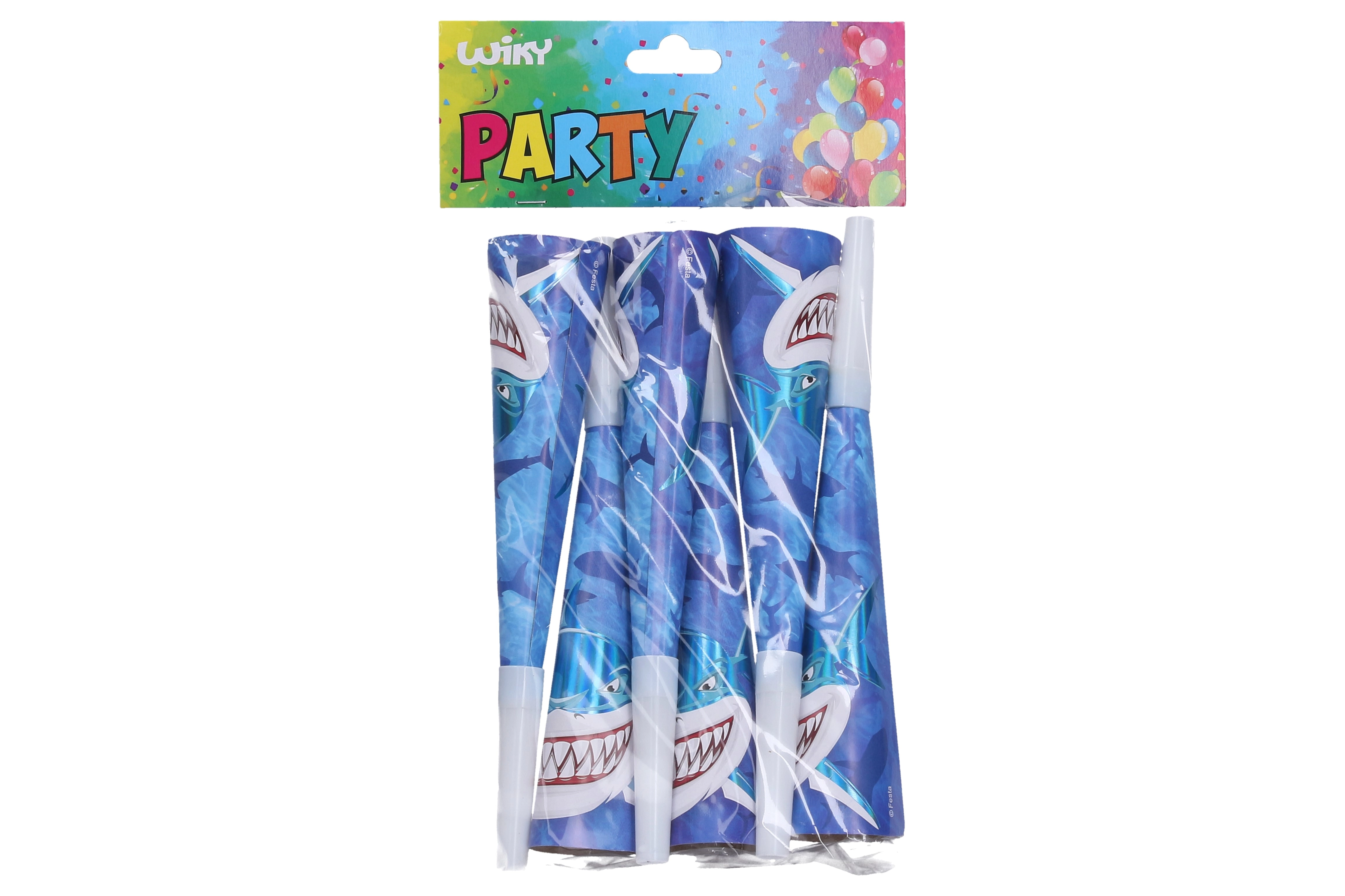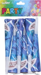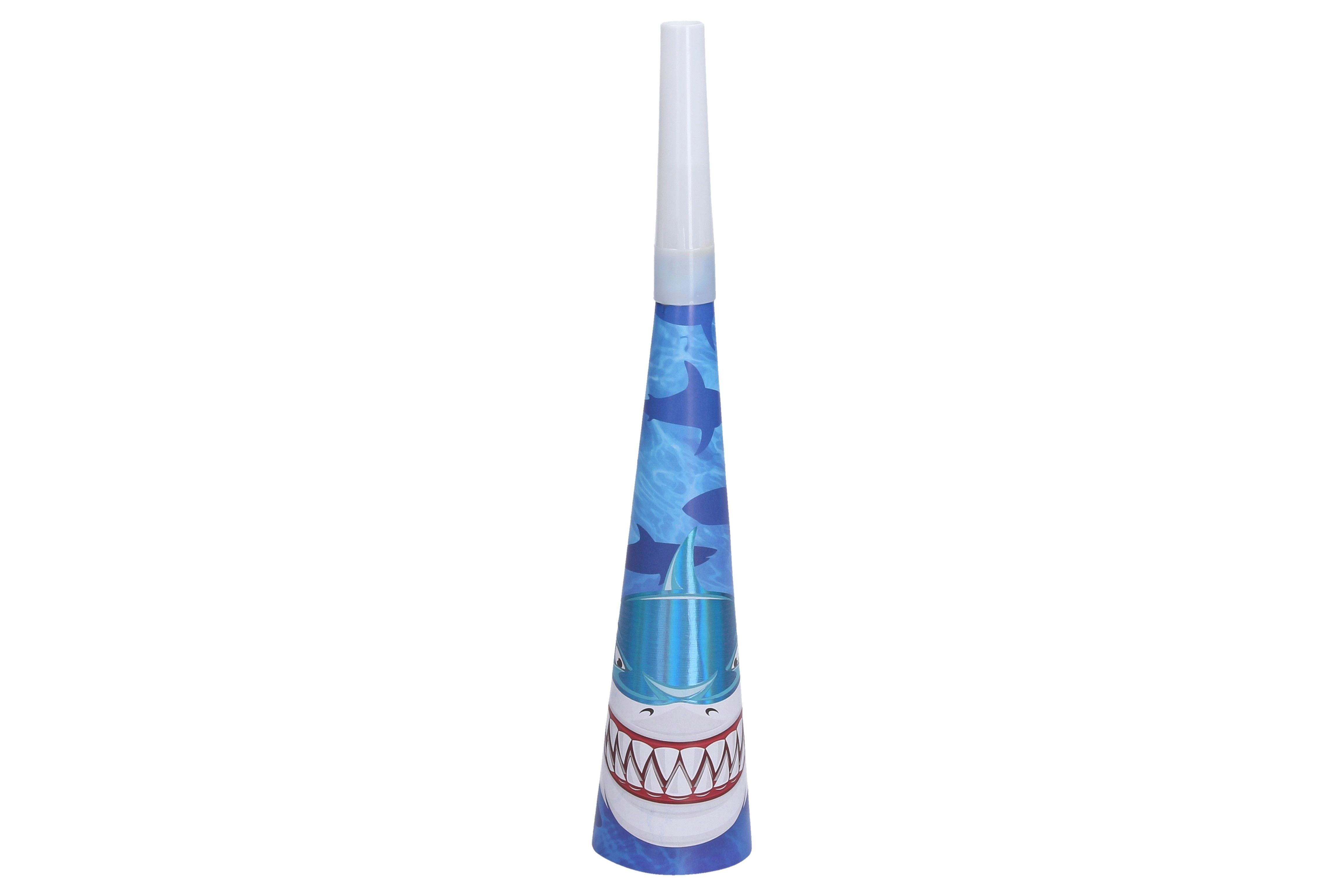 Добавете правилното настроение към всеки празник с парти тромпетки с мотив акула. Благодарение на дължината 20 см са удобни за хващане дори от по-малки деца и са лесни за използване – достатъчно е да духнете и забавата започва.
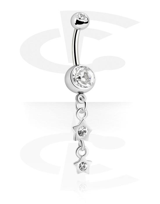 Rinka za popek (kirurško jeklo, srebrna, sijoč zaključek) s/z Obesek in Kristalni kamni
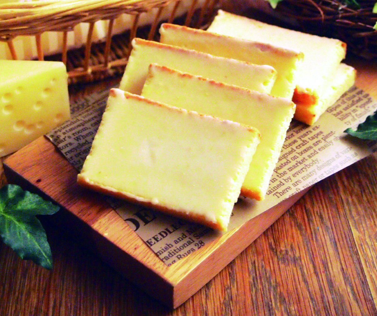 濃厚なチーズケーキを一枚一枚丁寧に手作りした、どこか懐かしい味のチーズケーキラスクです。 パルメザンチーズとエダムチーズの2種類のチーズを使用した、濃厚なチーズケーキを、じっくりと4時間かけてほっこりサクサクのラスクに仕上げました。
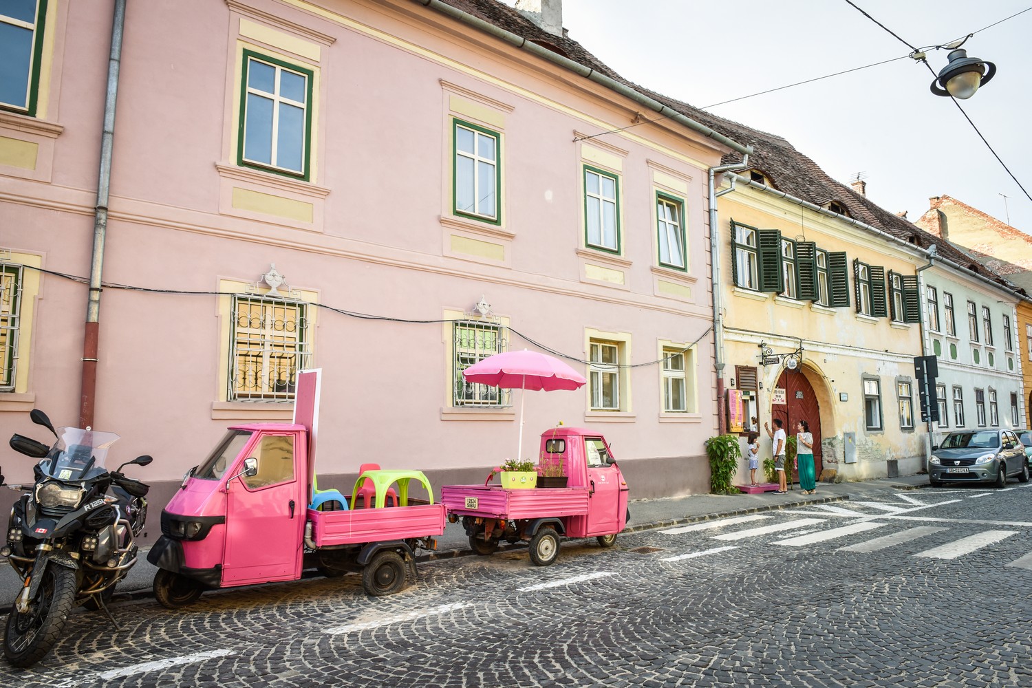 “În același gen de masură, legându-ne de această dată de marcajele rutiere, avem o propunere și în cazul terasei Heiss-Eis Café de pe str. Tipografilor. Aici, trecerea de pietoni din dreptul gangului care duce la Sala Thalia ar putea fi mutată câțiva metri, astfel încât cele două tricicluri roz să poată sta în fața geamului clădirii care joacă rolul de ghișeu pentru servirea comenzilor. Ideea și conceptual original al acestei mici terase a fost apreciat de membrii juriului și poate era mai bine punctată și de către sibieni dacă nu avea acest handicap compozitional.” a mai adăugat dl. arh. Țibuleac.
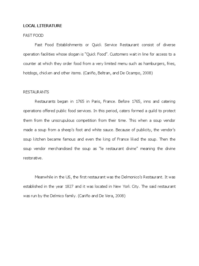 LOCAL LITERATURE FAST FOOD Fast Food Establishments or Quick Service Restaurant consist of diverse operation facilities whose
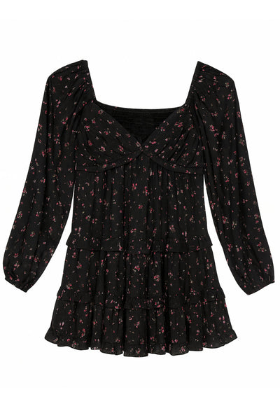 Katie J NYC Tween Lainey Long Sleeve Printed Day Dress in Midnight Floral
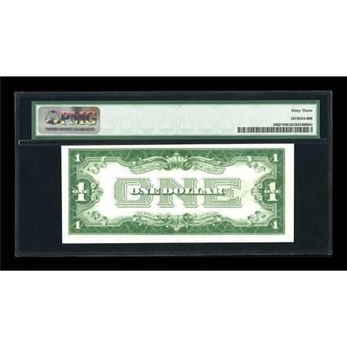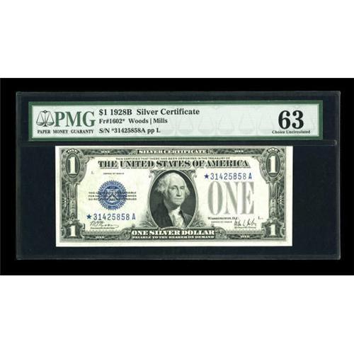 <B>Fr. 1602* $1 1928B Silver Certificate. PMG Choice Uncirculated 63.</B></I><BR> An attractive example of an early blue seal star cut a little tight along the top margin.<BR><BR><b>Shipping:</b> Coins & Currency (<a target="_blank" href="http://www.heritageauctions.com/common/shipping.php">view shipping information</a>)
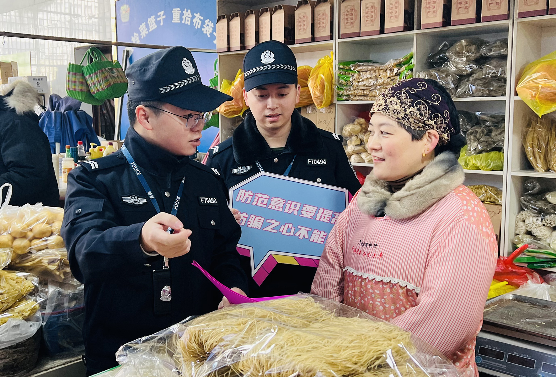 圖為12月21日,民輔警在平橋鎮(zhèn)八角亭村向沿街商戶宣講反詐知識(shí)。
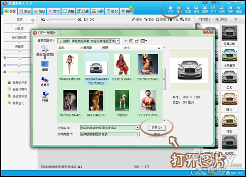 首先,用美图秀秀打开一张足球宝贝的性感照片,此处为宾利车,兄弟们见谅,你们懂的……
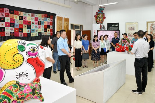 会前,梁云鹤一行参观了beat365官网宝鸡民间美术展厅,美术学院院长李强介绍了展陈的具有宝鸡地方特色的民间美术作品。
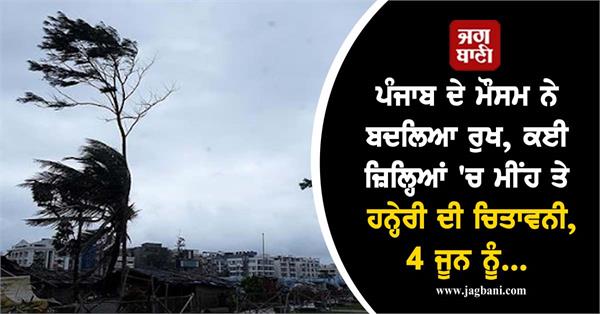 ਭਾਰਤੀ ਮੌਸਮ ਵਿਭਾਗ ਚੰਡੀਗੜ੍ਹ ਵਲੋਂ 2 ਜੂਨ ਯਾਨੀ ਅੱਜ ਪੰਜਾਬ ਦੇ ਕਈ ਜ਼ਿਲ੍ਹਿਆਂ 'ਚ ਮੀਂਹ ਪੈਣ ਦੀ ਚਿਤਾਵਨੀ ਜਾਰੀ ਕੀਤੀ ਗਈ ਹੈ। ਅੱਜ ਪੰਜਾਬ ਦੇ ਕਈ ਹਿੱਸਿਆਂ ਵਿਚ ਮੀਂਹ, ਬਿਜਲੀ ਚਮਕਣ ਅਤੇ 50-60 ਕਿ.ਮੀ. ਪ੍ਰਤੀ ਘੰਟਾ ਹਵਾ ਚੱਲਣ ਦੀ ਸੰਭਾਵਨਾ ਹੈ। ਖ਼ਾਸ ਕਰਕੇ ਪਟਿਆਲਾ, ਸੰਗਰੂਰ, ਬਰਨਾਲਾ, ਮਾਨਸਾ, ਬਠਿੰਡਾ, ਫਾਜ਼ਿਲਕਾ, ਫਿਰੋਜ਼ਪੁਰ, ਮੋਗਾ, ਲੁਧਿਆਣਾ, ਜਲੰਧਰ, ਨਵਾਂਸ਼ਹਿਰ, ਹੁਸ਼ਿਆਰਪੁਰ ਅਤੇ ਰੂਪਨਗਰ ਜ਼ਿਲ੍ਹਿਆਂ ਵਿੱਚ (ਸਾਵਧਾਨ ਰਹਿਣ) ਦੀ ਚੇਤਾਵਨੀ ਦਿੱਤੀ ਗਈ ਹੈ, ਕਿਉਂਕਿ ਇਨ੍ਹਾਂ ਜ਼ਿਲ੍ਹਿਆਂ ਵਿਚ ਬਾਰਿਸ਼ ਹੋਣ ਦੀ ਸੰਭਾਵਨਾ ਹੈ।
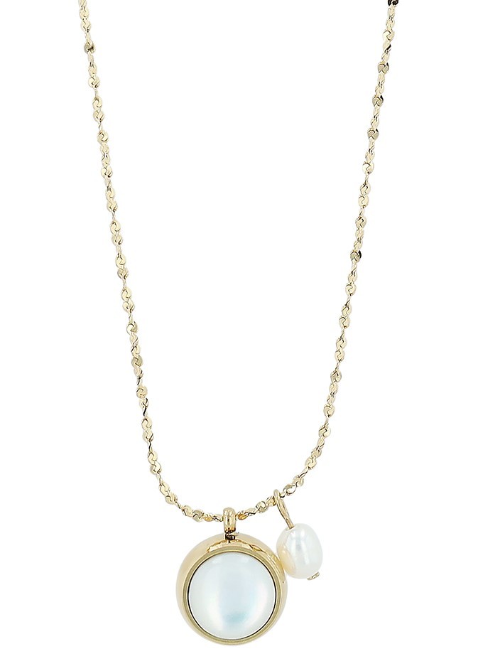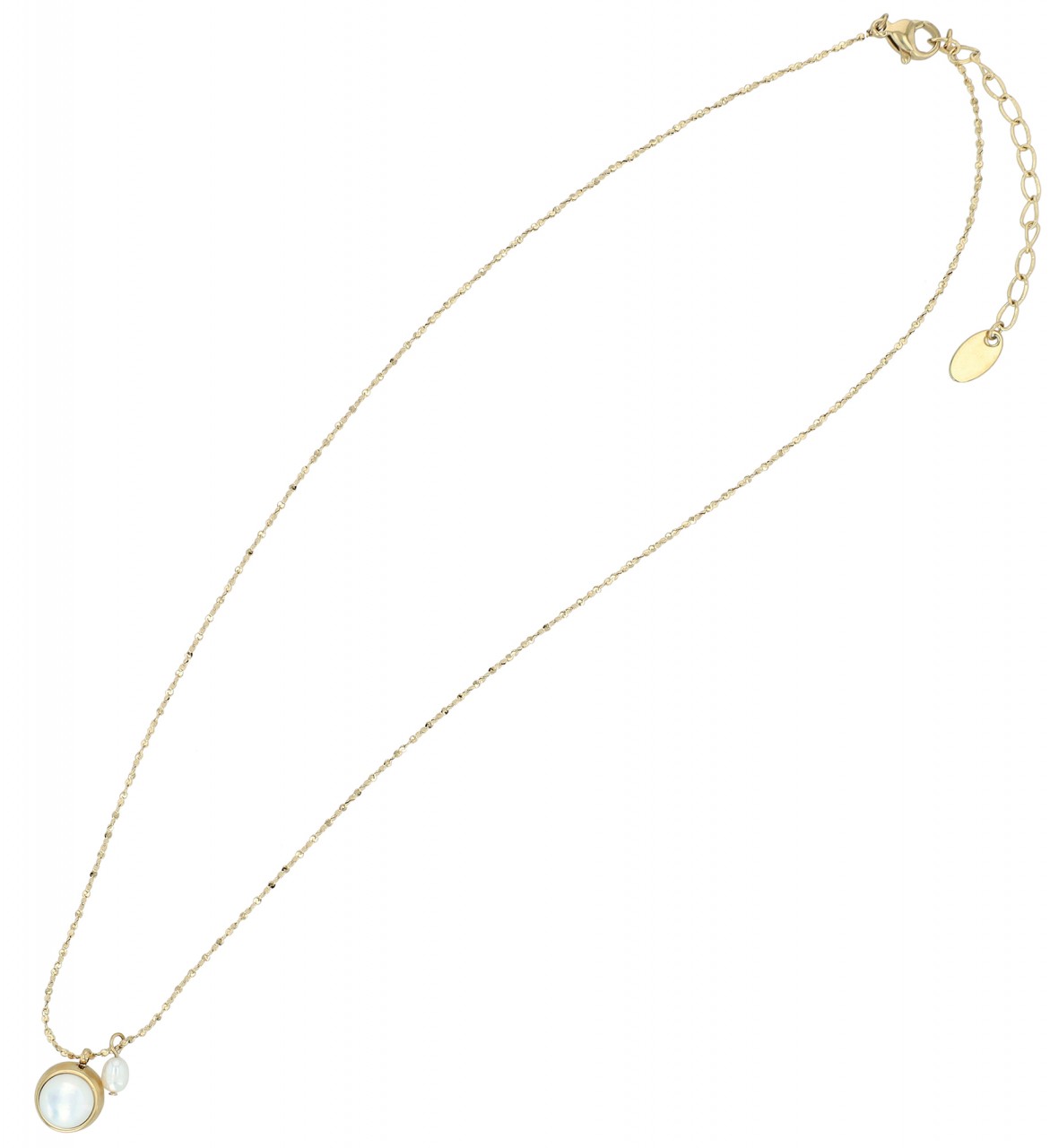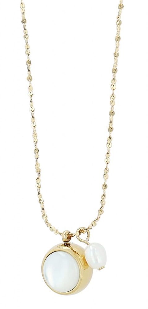 Feito de aço inoxidável de alta qualidade, nosso colar com dois pingentes incorpora não apenas elegância atemporal, mas também durabilidade e permanência. O aço inoxidável é resistente à corrosão e ao desbotamento, garantindo que a corrente mantenha sua beleza radiante mesmo após uso prolongado. O colar tem 41 cm de comprimento, com uma corrente de extensão adicional de 5 cm para personalização. O fecho seguro do mosquetão não só garante uma fixação firme, mas também um manuseio fácil. A peça central deste colar encantador é o pingente com aparência de madrepérola (Ø 10 mm), com um ornamento adicional na parte de trás e um segundo pingente pequeno com uma delicada pérola de água doce (8,5 x 4 mm). Os pingentes brancos irradiam uma beleza natural e dão ao colar uma elegância suave.
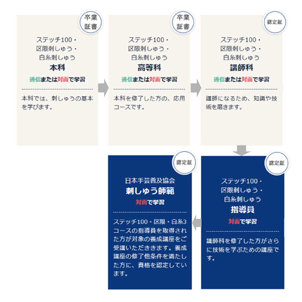資格は本科から始まり、講師資格が得られる講師科、さらに指導員、師範とステップアップをめざせます。 通信講座では講師科まで学習することができます。 ※本科の次のステップ「講師科」は、専用アプリ内で購入、受講します。
┄┄┄┄┄┄┄┄┄┄
Without including any pictures, return every line of the records exactly.

 Добавете правилното настроение към всеки празник с парти тромпетки с мотив акула. Благодарение на дължината 20 см са удобни за хващане дори от по-малки деца и са лесни за използване – достатъчно е да духнете и забавата започва.
 Rinka za popek (kirurško jeklo, srebrna, sijoč zaključek) s/z Obesek in Kristalni kamni
 濃厚なチーズケーキを一枚一枚丁寧に手作りした、どこか懐かしい味のチーズケーキラスクです。 パルメザンチーズとエダムチーズの2種類のチーズを使用した、濃厚なチーズケーキを、じっくりと4時間かけてほっこりサクサクのラスクに仕上げました。
 “În același gen de masură, legându-ne de această dată de marcajele rutiere, avem o propunere și în cazul terasei Heiss-Eis Café de pe str. Tipografilor. Aici, trecerea de pietoni din dreptul gangului care duce la Sala Thalia ar putea fi mutată câțiva metri, astfel încât cele două tricicluri roz să poată sta în fața geamului clădirii care joacă rolul de ghișeu pentru servirea comenzilor. Ideea și conceptual original al acestei mici terase a fost apreciat de membrii juriului și poate era mai bine punctată și de către sibieni dacă nu avea acest handicap compozitional.” a mai adăugat dl. arh. Țibuleac.
 LOCAL LITERATURE FAST FOOD Fast Food Establishments or Quick Service Restaurant consist of diverse operation facilities whose
 Katie J NYC Tween Lainey Long Sleeve Printed Day Dress in Midnight Floral
 <B>Fr. 1602* $1 1928B Silver Certificate. PMG Choice Uncirculated 63.</B></I><BR> An attractive example of an early blue seal star cut a little tight along the top margin.<BR><BR><b>Shipping:</b> Coins & Currency (<a target="_blank" href="http://www.heritageauctions.com/common/shipping.php">view shipping information</a>)
 圖為12月21日,民輔警在平橋鎮(zhèn)八角亭村向沿街商戶宣講反詐知識(shí)。
 首先,用美图秀秀打开一张足球宝贝的性感照片,此处为宾利车,兄弟们见谅,你们懂的……
 会前,梁云鹤一行参观了beat365官网宝鸡民间美术展厅,美术学院院长李强介绍了展陈的具有宝鸡地方特色的民间美术作品。
 ਭਾਰਤੀ ਮੌਸਮ ਵਿਭਾਗ ਚੰਡੀਗੜ੍ਹ ਵਲੋਂ 2 ਜੂਨ ਯਾਨੀ ਅੱਜ ਪੰਜਾਬ ਦੇ ਕਈ ਜ਼ਿਲ੍ਹਿਆਂ 'ਚ ਮੀਂਹ ਪੈਣ ਦੀ ਚਿਤਾਵਨੀ ਜਾਰੀ ਕੀਤੀ ਗਈ ਹੈ। ਅੱਜ ਪੰਜਾਬ ਦੇ ਕਈ ਹਿੱਸਿਆਂ ਵਿਚ ਮੀਂਹ, ਬਿਜਲੀ ਚਮਕਣ ਅਤੇ 50-60 ਕਿ.ਮੀ. ਪ੍ਰਤੀ ਘੰਟਾ ਹਵਾ ਚੱਲਣ ਦੀ ਸੰਭਾਵਨਾ ਹੈ। ਖ਼ਾਸ ਕਰਕੇ ਪਟਿਆਲਾ, ਸੰਗਰੂਰ, ਬਰਨਾਲਾ, ਮਾਨਸਾ, ਬਠਿੰਡਾ, ਫਾਜ਼ਿਲਕਾ, ਫਿਰੋਜ਼ਪੁਰ, ਮੋਗਾ, ਲੁਧਿਆਣਾ, ਜਲੰਧਰ, ਨਵਾਂਸ਼ਹਿਰ, ਹੁਸ਼ਿਆਰਪੁਰ ਅਤੇ ਰੂਪਨਗਰ ਜ਼ਿਲ੍ਹਿਆਂ ਵਿੱਚ (ਸਾਵਧਾਨ ਰਹਿਣ) ਦੀ ਚੇਤਾਵਨੀ ਦਿੱਤੀ ਗਈ ਹੈ, ਕਿਉਂਕਿ ਇਨ੍ਹਾਂ ਜ਼ਿਲ੍ਹਿਆਂ ਵਿਚ ਬਾਰਿਸ਼ ਹੋਣ ਦੀ ਸੰਭਾਵਨਾ ਹੈ।
 Feito de aço inoxidável de alta qualidade, nosso colar com dois pingentes incorpora não apenas elegância atemporal, mas também durabilidade e permanência. O aço inoxidável é resistente à corrosão e ao desbotamento, garantindo que a corrente mantenha sua beleza radiante mesmo após uso prolongado. O colar tem 41 cm de comprimento, com uma corrente de extensão adicional de 5 cm para personalização. O fecho seguro do mosquetão não só garante uma fixação firme, mas também um manuseio fácil. A peça central deste colar encantador é o pingente com aparência de madrepérola (Ø 10 mm), com um ornamento adicional na parte de trás e um segundo pingente pequeno com uma delicada pérola de água doce (8,5 x 4 mm). Os pingentes brancos irradiam uma beleza natural e dão ao colar uma elegância suave.
資格は本科から始まり、講師資格が得られる講師科、さらに指導員、師範とステップアップをめざせます。 通信講座では講師科まで学習することができます。 ※本科の次のステップ「講師科」は、専用アプリ内で購入、受講します。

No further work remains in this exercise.